Figure 2. Example of VRI and EIT side-by-side raw data recordings.
Raw data waveforms of one representative breathing-cycle for each of the different measurement time points (BLH: baseline healthy; ALI-0: impaired lungs (ALI) at zero PEEP; ALI-5: ALI at PEEP 5 mbar; ALI-10: ALI at PEEP 10 mbar; ALI-15: ALI at PEEP 15 mbar). Panel A: Vibration energy (VE) over time by VRI. The parameter vibration energy amplitude (VEA) was assessed at the peak flow rate of the inspiratory phase of the breathing cycle. Panel B: Relative impedance changes (rel.Z) over time by EIT. The amplitudes of rel.Z (rel.ΔZ) were assessed by tidal differences between minimum and maximum rel.Z values.
The corresponding VRI raw data waveforms were post-processed to evaluate the parameter vibration energy amplitude (VEA) (Figure 2A). This parameter reflects the amplitude of the vibration energy versus the time curve at the point of maximum flow in the inspiratory phase of the breathing cycle. The VRI system derived its vibration energy signals from each of the 34 microphones (2 of the 36 microphones operating as reference) as follows: digitized acoustic signals were band-pass filtered between 150 and 800 Hz to remove heart and muscle sounds; median filtering was applied to suppress impulse noise, which may correspond to artificial sound; and finally the envelope signal was smoothed by running an average filter.
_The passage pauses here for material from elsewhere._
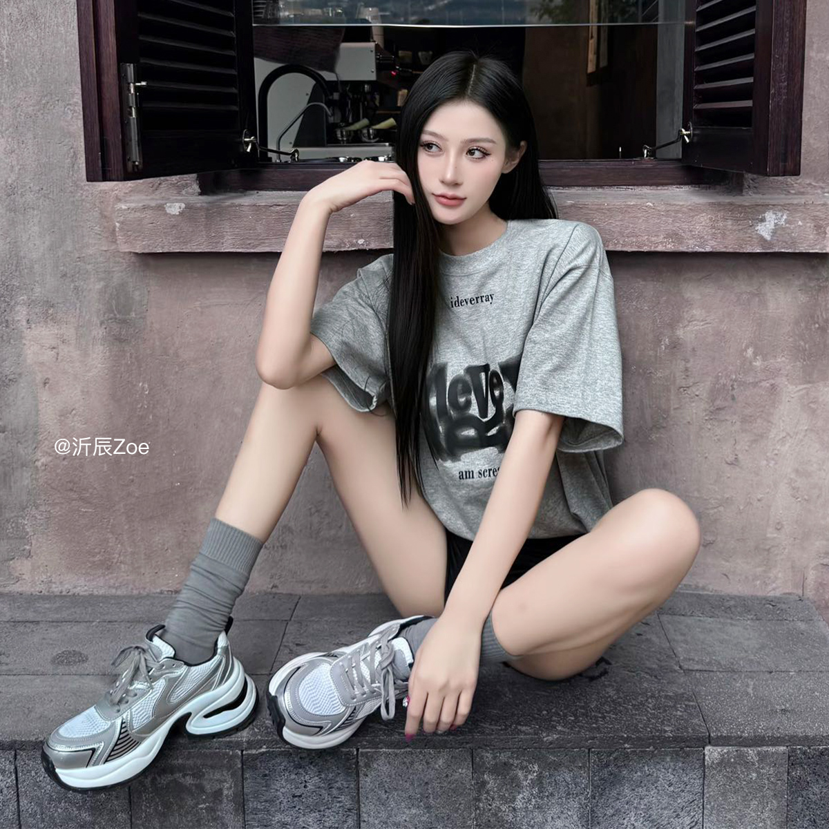 瑪速主義2025新款 女秋輕便運動鞋 休閑跑步鞋 ins潮厚底銀色老爹鞋

The VEA parameter was analysed for the same ROIs used for EIT analysis. VRI ROIs were aligned with EIT as shown in Figure 1. In same manner as described for EIT, we related VEA measured by VRI to the total end-expiratory values of VT obtained from simultaneous spirometry, and calculated regional VT measured by VRI for each ROI.
Statistical Analysis
Descriptive and statistical data analyses were performed using GraphPad Prism v5 (GraphPad Software Inc, San Diego, CA, USA) and SPSS v18 (IBM Inc., New York, USA). We performed paired measurements of regional ventilation as assessed by VRI, versus regional ventilation as assessed by EIT, in nine piglets. For each data set, there were five paired data points in the analysis corresponding to the five different measurement times (BLH, ALI-0, ALI-5, ALI-10, ALI-15) as described above. Regional ventilation by both methods was compared by linear regression and Bland-Altman analysis [19], [20]. To investigate the impact of lung damage and PEEP on VRI VT measurements, an ANCOVA was performed that tested the equality of slopes and intercepts using an F-test (two-tailed). Thus, a global model where slope is shared among the data sets was compared with a model where each dataset (BLH, ALI-0, ALI-5, ALI-10, ALI-15) gets its own slope [21].
Results
Overall, regional VT measured by EIT ranged from 57 to 681 ml, while VT measured by VRI ranged from 42 to 688 ml. Additional results of the ventilatory, gas-exchange and hemodynamic parameters are shown in Table 1.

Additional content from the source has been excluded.